Press Release
February 12, 2008

DFA must ask Chinese Gov't to reveal other Pinoy officials who asked for bribe money

Senator Richard Gordon reiterated his call late last night at the Senate NBN investigation hearing to have the Chinese government reveal other bribery instances involving millions of dollars.

Gordon made a motion last night, asking the Senate Blue Ribbon Committee to request the Department of Foreign Affairs to issue formal and informal requests for the Chinese government to reveal other instances where in Filipino government officials had asked for or received bribe money in connection with multi-million dollar projects.

"We should be reminded of the real standard that whether one steals one dollar or one hundred thirty million dollars from the government, it is still stealing and we must send a strong signal to the Chinese government that we do not tolerate corruption on whatever scale. We cannot allow the calloused consciences and black greed of some of our government officials to succeed in signing off our people to penury while they gorge themselves in luxury," said Gordon in a later statement after he questioned former Philippine Forest Corporation CEO Jun Lozada on the circumstances that led to his coming to the Senate to testify on the ZTE NBN deal.

"I asked the chairman of the Senate investigating committee yesterday to communicate formally or informally with the Chinese embassy to find out if one of their corporations, a government controlled corporation, has offered or transferred money to Filipino high officials -- including a officials of constitutional bodies like Comelec, " said Gordon.
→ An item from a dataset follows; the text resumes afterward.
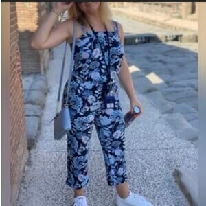 Ann Taylor Loft Jumpsuit Size 8 Blue Floral Print Square Neck Boho Casual Rayon

Gordon added that "In corruption, there is a bribe giver and a bribe taker. There are some testifications in the ZTE hearing that as much as two million dollars had been advanced by China's ZTE Corp to Abalos. The bribe giver is often regarded in usual circumstances as the victim, especially if the bribe taker does not deliver the goods. The Chinese government, who is our country's friend and partner in development, should be able to help us find out the veracity of the incident. This will help their state company to recover money that was spirited away from them and help us bring erring officials to justice."

Earlier, businessman Jose De Venecia III testified before the Senate linking ZTE officials to the 329-million contract, scrapped last year amid allegations of corruption.

De Venecia said officials of China's ZTE Corp., the winner of the bidding for the NBN project, advanced at least $1 million to resigned poll chief Benjamin Abalos.

Senators pointed out that under the law, this constitutes plunder because, at the time the alleged advance was supposed to have been given, the exchange rate would make it worth P50 million.